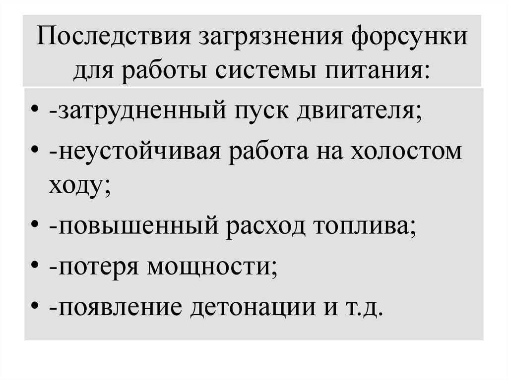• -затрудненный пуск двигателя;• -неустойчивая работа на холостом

================================

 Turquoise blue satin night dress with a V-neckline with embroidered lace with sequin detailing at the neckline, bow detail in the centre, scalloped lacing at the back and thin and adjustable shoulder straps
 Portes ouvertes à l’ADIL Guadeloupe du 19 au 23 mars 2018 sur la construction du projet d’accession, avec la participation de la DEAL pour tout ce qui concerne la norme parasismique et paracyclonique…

================================

§ Exercise requirements
Looking at the data above, return every line from the one with "Turquoise blue satin" down to the one with "Portes ouvertes à", exactly and inclusively.

§ Answer below
 Turquoise blue satin night dress with a V-neckline with embroidered lace with sequin detailing at the neckline, bow detail in the centre, scalloped lacing at the back and thin and adjustable shoulder straps
 Portes ouvertes à l’ADIL Guadeloupe du 19 au 23 mars 2018 sur la construction du projet d’accession, avec la participation de la DEAL pour tout ce qui concerne la norme parasismique et paracyclonique…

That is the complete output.